I want to share some summer movies that will make your summer mood on, as just few weeks left. These movies are all about details and also romantic mode with super hot actors.
1. Call Me by Your Name (2017)
Love between two men, when I felt the pain of love loss forgetting it is not “traditional love”. Luca Guadagnino’s adaptation of André Aciman’s novel unfolds over one languid Italian summer in 1983, where days are filled with sun-warmed stone, cicada songs, and the quiet pulse of something changing. Elio (Timothée Chalamet) and Oliver (Armie Hammer) move from hesitant conversations to intimate confessions, their connection growing alongside the ripening peaches and rippling lake water. Guadagnino’s camera lingers on hands, glances, and the glistening edges of a pool, making the season itself feel like a living, breathing presence. By the time the final scene fades, the summer has ended—but the heat of it lingers in memory.
2. La Piscine (The Swimming Pool, 1969)
Sexy, lazy love story that will bring you french summer mood. Jacques Deray’s sleek and simmering thriller is as much about temperature as it is about tension. At a secluded villa on the French Riviera, Marianne (Romy Schneider) and Jean-Paul (Alain Delon) spend their days lounging by an azure pool, their tanned skin glistening under a relentless sun. When Marianne’s former lover unexpectedly arrives with his teenage daughter, the tranquil surface begins to ripple. Desire, jealousy, and unspoken history build slowly, like heat trapped in stone walls. The pool, once a symbol of leisure, becomes an arena for dangerous games—its calm surface hiding dark depths.
3. Asteroid City (2023)
Wes Anderson turns summer into a pastel daydream in this meticulously composed desert tale. Set in a fictional 1950s town hosting a Junior Stargazer convention, the film bathes its ensemble cast in golden light, dusty yellows, and soft turquoise skies.

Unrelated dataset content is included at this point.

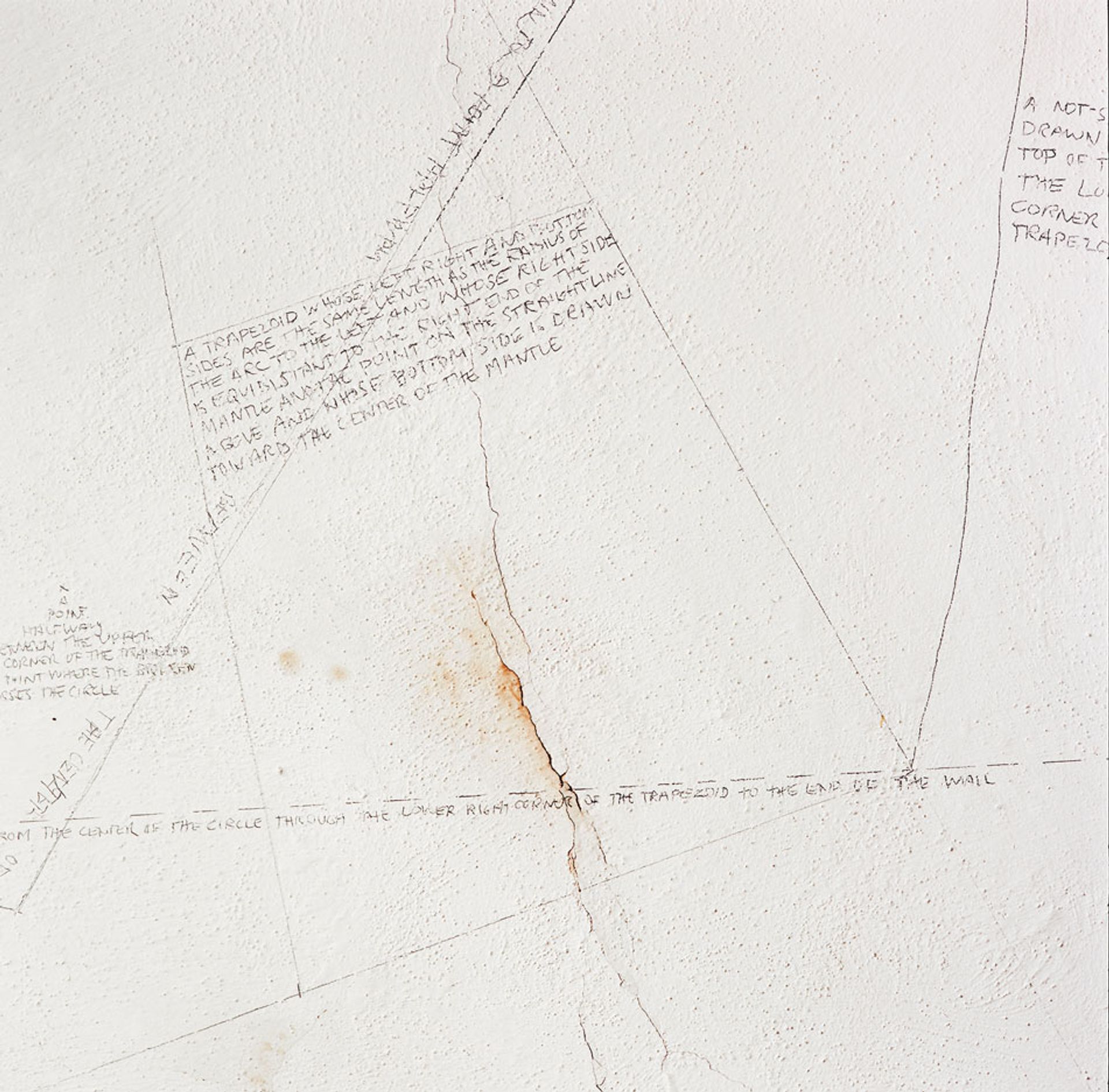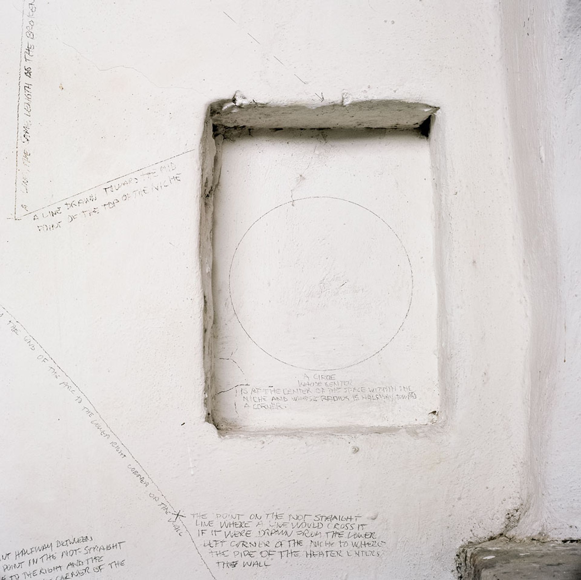 In 1976, Sol LeWitt produced a group of wall drawings in the Vecchia Torre, a medieval tower in the Umbrian town of Spoleto, Italy. They comprise an elaborate series of line, shape, and word drawings, three grids in which different combinations of geometric figures are exhausted, and a statement that reads, tautologically, “ON THIS WALL ONE FINDS THIS WRITING.”
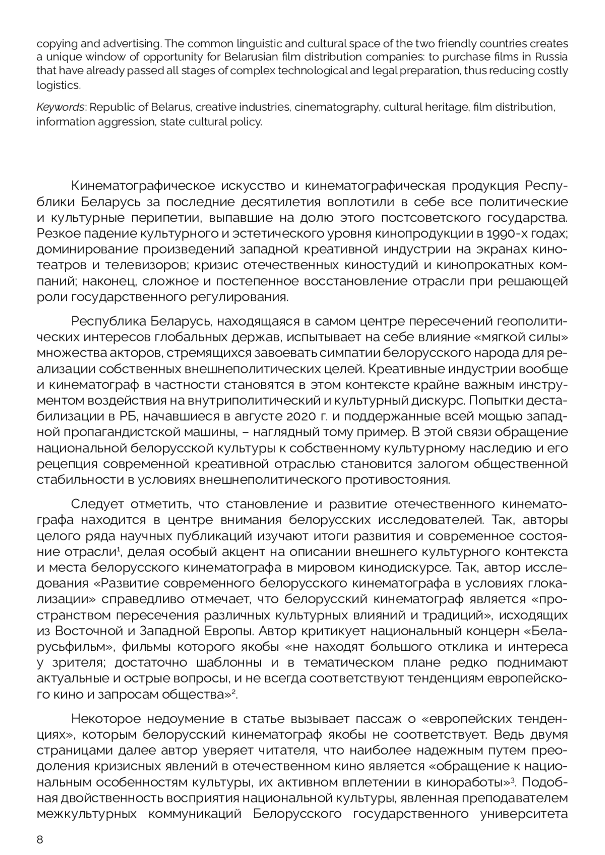 Залогом успешного развития белорусского кинопроизводства и кинопроката по-прежнему остается ведущая роль государства как основного заказчика и инвестора кинематографических проектов. Такая ситуация, с одной стороны, обеспечивает отрасль гарантированным государственным заказом, определяя ее устойчивость в условиях рыночной экономики и острой внешней конкуренции. С другой стороны, исследователи и профессионалы рынка отмечают недостаточную гибкость отрасли и учет кинопроизводством вкусов и меняющихся интересов белоруской аудитории. Можно считать доказанным использование кинематографа – как наиболее действенного инструмента национальных творческих индустрий – в качестве пропагандистского ресурса в целях дестабилизации общественно-политической жизни страны. Подобные цели достигаются путем создания псевдодокументальных кинофильмов о внутриполитических событиях в республике. Видеоряд, монтаж и лексические приемы, применяемые авторами этих кинолент, зачастую носят экстремистскую окраску, имея своей целью разжигание гражданского конфликта. Белорусскому обществу и государству до сих пор удается успешно противостоять внешней информационной агрессии. Одной из ментальных опор белорусского кинематографа были и остаются фильмы о Великой Отечественной войне как отражение и воплощение художественными средствами национальной памяти народа. Фильмы о войне стали и продолжают оставаться значимой частью нематериального культурного наследия белорусского народа, оказывая влияние на сохранение общественной стабильности. В настоящее время существует зависимость белорусского кинорынка от креативного сектора Российской Федерации. Эта зависимость проявляется на всех этапах цикла кинопроизводства: от приобретения прав на прокат зарубежных фильмов до их дубляжа, копирования и рекламы. Единое языковое и культурное пространство двух дружественных стран создает для белорусских кинопрокатных фирм уникальное окно возможностей: приобретать в России фильмы, уже прошедшие все этапы сложной технологической и правовой подготовки, сокращая таким способом затратную логистику.

The oppressive desert heat wraps around quirky romances, awkward family reunions, and a surreal alien encounter. Anderson uses summer here not for beachside warmth, but as a mirage—the kind where the air itself shimmers and the heat blurs the lines between reality and performance. Every frame feels like a hand-tinted postcard sent from a strange, perfect summer that never really existed.
4. Jamón Jamón (1992)
This movie is very Spanish. Real Spain with no exaggeration. Very sexy and moody. This one the first movie of Penelope Cruz. In Bigas Luna’s outrageous Spanish tragicomedy, the sun is as much a character as the jealous lovers, dueling suitors, and clashing families. Set in a small rural town, the story swirls around Silvia (Penélope Cruz), whose beauty draws obsession from men across the social spectrum. The parched landscape—dusty roads, stark fields, and endless blue skies—becomes the perfect stage for lust, betrayal, and absurd symbolism. Here, summer heat isn’t just oppressive; it fuels a fever dream of erotic tension and satire, with images of ham legs, bullfights, and slow dances under the sun burned into the viewer’s mind.
5. Summer with Monika (1953)
Ingmar Bergman’s tender yet unflinching portrait of young love begins with a rush of freedom: Monika (Harriet Andersson) and Harry (Lars Ekborg) flee their dreary jobs for a summer spent among the rocky Swedish islands. Their days are filled with sunbathing on smooth rocks, swimming in cold, clear waters, and making love under the endless Nordic twilight. Bergman captures the intoxication of escape—those weeks when the world feels reduced to two people and the sky above them. But as the summer fades, so does the fantasy, leaving behind the bittersweet truth that not all warmth lasts.
6. And God Created Woman (1956)
This movie is all about Bardot beauty and her dance moves, and men who desire her. Roger Vadim’s scandal-making debut introduced Brigitte Bardot as Juliette, a barefoot, sun-kissed force of nature in Saint-Tropez. The camera follows her as she dances barefoot on the sand, lounges on the pier, and defies the expectations of everyone around her. Juliette’s restless energy and sexual freedom shocked audiences in the conservative 1950s, and the Mediterranean setting only amplifies her defiance—shimmering water, bright sails, and sun-washed terraces serve as an arena for her rebellions. The film not only redefined Bardot’s career but also etched the French Riviera into cinema’s collective summer dream.
7. Amrapali (1966)
Indian movies often carry brilliant, mystic, and bright summer vibes—filled with glowing light, lush settings, and a rhythm that seems to match the heartbeat of the season. Amrapali is no exception. This lavish historical romance, set in the ancient kingdom of Vaishali, follows the famed courtesan Amrapali (Vyjayanthimala) as she navigates love, political intrigue, and personal transformation after meeting King Ajatashatru. Shot in vivid Eastmancolor, the film is a feast of sunlit palace gardens, open courtyards, and golden riverbanks. For dance lovers, it’s an especially rich experience—featuring elaborate classical numbers that shimmer with the warmth and fluidity of an endless summer.